Elisabetta Tozzi
Elisabetta Tozzi, Alessandra Piccorossi, Cristina Gammella, Agnese Onofri, Alberto Verrotti and Enzo Sechi*
Neuropsychiatric Clinic Department of life, health and environmental science(MESVA) University of L'Aquila, Italy
Received Date: August 27, 2017; Accepted Date: October 04, 2017; Published Date: October 10, 2017
Citation: Tozzi E, Piccorossi A, Gammella C, Onofri A, Verrotti A, et al. (2017)The Headaches and Polymorphisms of the Methylenetetrahydrofolate Reductase. J Headache Pain Manag 2:12. doi: 10.4172/2472-1913.100042
The headaches are a heterogeneous clinical manifestations characterized not only by pain but also by a severe multifactorial disabilities. Numerous studies showed the association between the enzyme MTHFR mutations, the T allele and genotype TT and migraine, particularly migraine with aura.

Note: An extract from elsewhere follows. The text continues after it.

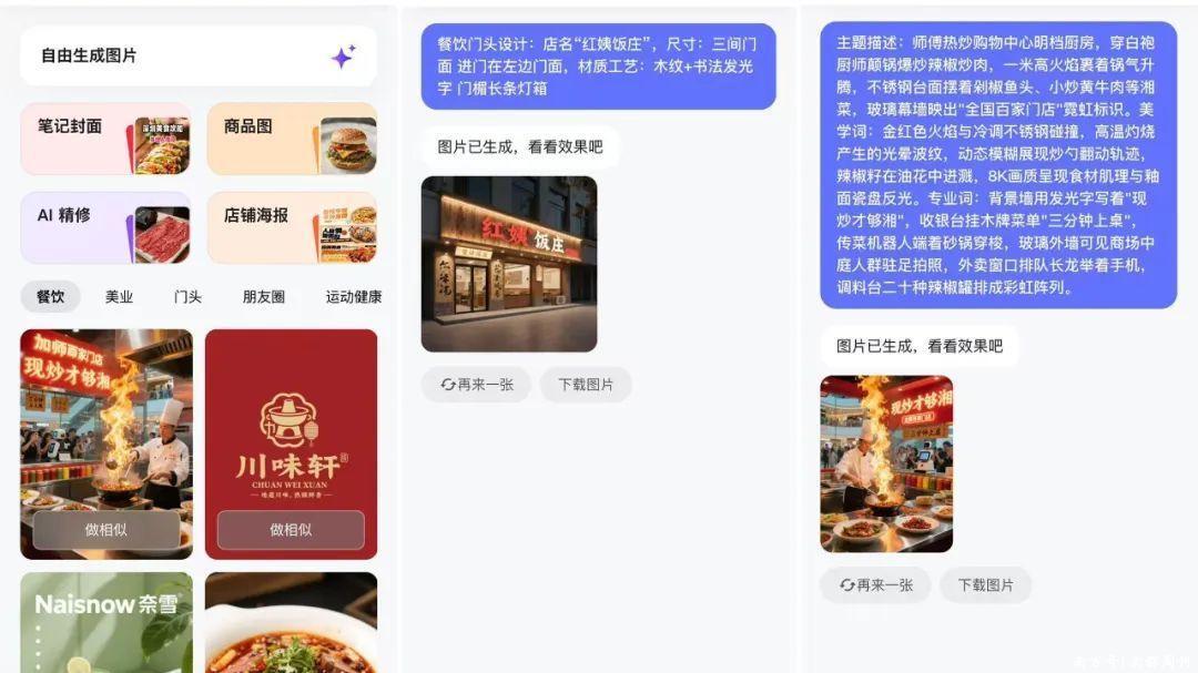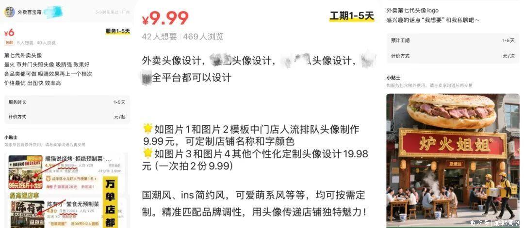 部分电商平台甚至出现专门提供AI外卖美图设计的店铺,收费几元到上百元不等。有的9.99元即可制作一张门店人流排队头像,可定制店铺名称,可以改到满意为止。有的收费几十元,以打造“有故事感的外卖头像”吸引商家购买,并承诺改到平台过审为止。实际上,都是用AI生成一些风格类似的图片。调查发现,有的卖家是个人设计师,有的卖家则是专门从事外卖运营的中介,不仅提供外卖门店整套的AI包装设计图,还可提供所谓“外卖全链工具集”。
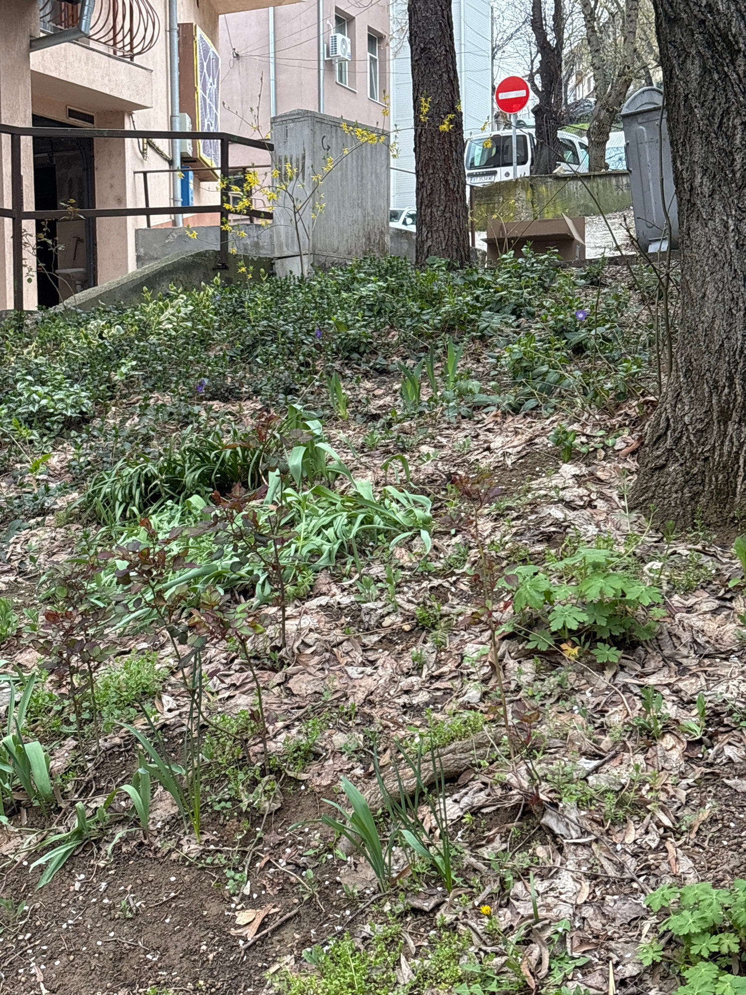 The image depicts a scene in Veliko Tarnovo, Bulgaria, characterized by a blend of urban and natural elements. The foreground consists of a patch of ground covered with dead leaves and interspersed wi…read more

Aim of the study: On the basis of the literature data we propose to evaluate the prevalence of the MTHFR mutation in the population of patients admitted to a headache center of the childhood.
Materials and methods: we examined 226 children, aged 5-17 years, admitted to " Headache Center" of Children Neuropsychiatry of Hospital San Salvatore L'Aquila, from 2013 to the year 2015. The diagnosis of headache is made according to ICHD III criteria. The identification of the MTHFR C677T polymorphism of the enzyme was carried out by the Real-time PCR qualitative. The statistical analysis by SAS System.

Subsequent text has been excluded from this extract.